Towards a minimally invasive device for beta-lactam monitoring in humans

Antimicrobial resistance is a leading patient safety issue. There is a need to develop novel mechanisms for monitoring and subsequently improving the precision of how we use antibiotics. A surface modified microneedle array was developed for monitoring beta-lactam antibiotic levels in human interstitial fluid. The sensor was fabricated by anodically electrodepositing iridium oxide (AEIROF) onto a platinum surface on the microneedle followed by fixation of beta-lactamase enzyme within a hydrogel. Calibration of the sensor was performed to penicillin-G in buffer solution (PBS) and artificial interstitial fluid (ISF). Further calibration of a platinum disc electrode was undertaken using amoxicillin and ceftriaxone. Open-circuit potentials were performed and data analysed using the Hill equation and log(concentration [M]) plots.
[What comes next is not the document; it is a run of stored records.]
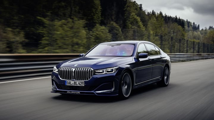 The 2021 BMW Alpina B7 is a high-performance version of the large luxury sedan of the BMW 7 Series. Underneath its hood is a 4.4-liter V8 engine with a turbocharger that produces 600hp and 590lbft of torque. Power is sent to all four wheels via an 8-speed automatic transmission.The stunning design of the new BMW ALPINA B7 strikes a balance between luxurious elegance and dynamism. The front, characterized by the rigorous BMW grille and subtle free-floating ALPINA lettering, and the rear, with its polished stainless steel exhaust pipes and diffuser, emphasize the car's breathtaking performance potential.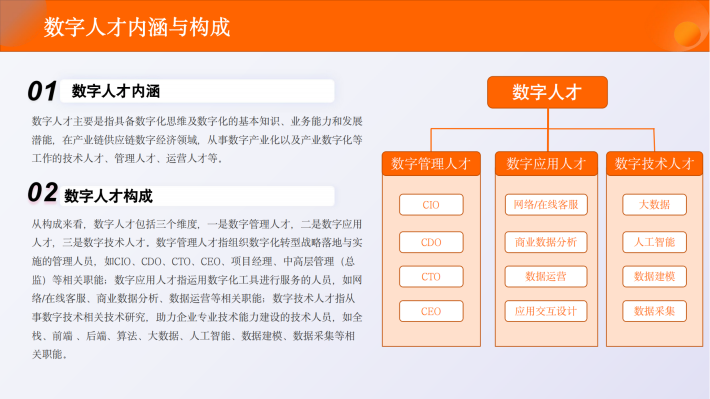伴随着大数据、人工智能、云计算等数字技术的发展,数字经济逐渐释放强劲动能,数字素养已经成为公民必备的基本能力。党的二十大报告强调,加快发展数字经济,促进数字经济和实体经济深度融合,打造具有国际竞争力的数字产业集群。近年来,我国人才优势不断积累,科技创新人才队伍建设取得积极进展,为产业链供应链数字经济的高质量发展奠定了雄厚的智力资本。站在新的历史起点,必须加快数字人才建设,决胜新一轮全球科技竞争。
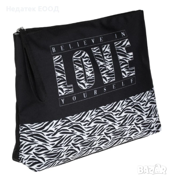 Лятна платнена чантичка за тоалетни принадлежности, черна със зебров мотив от едната страна и черна от другата с надпис "LOVE Believe in yourself". Има цип, вътрешен малък джоб и черна дръжка. В нея могат да се съхраняват мобилен телефон, ключове, очила и лични вещи.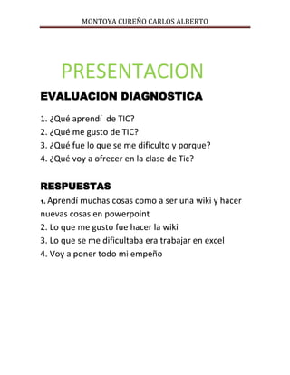 El documento presenta una evaluación diagnóstica realizada por Carlos Alberto Montoya Cureño sobre lo que aprendió, le gustó y se le dificultó en la clase de TIC, así como las cualidades y defectos que él mismo identifica. Carlos menciona haber aprendido a usar wikis y PowerPoint, haber disfrutado creando una wiki, y haber tenido dificultades con Excel. También promete esforzarse en la clase.

The microneedle sensor demonstrated high reproducibility between penicillin-G runs in PBS with mean Km (+/- 1SD) = 0.0044 +/- 0.0013 M and mean slope function of log(concentration plots) 29 +/- 1.80 mV/decade (r(2) = 0.933). Response was reproducible after 28 days storage at 4 degrees C. In artificial ISF, the sensors response was Km (+/- 1SD) = 0.0077 +/- 0.0187 M and a slope function of 34 +/- 1.85 mv/decade (r(2) = 0.995). Our results suggest that microneedle array based beta-lactam sensing may be a future application of this AEIROF based enzymatic sensor.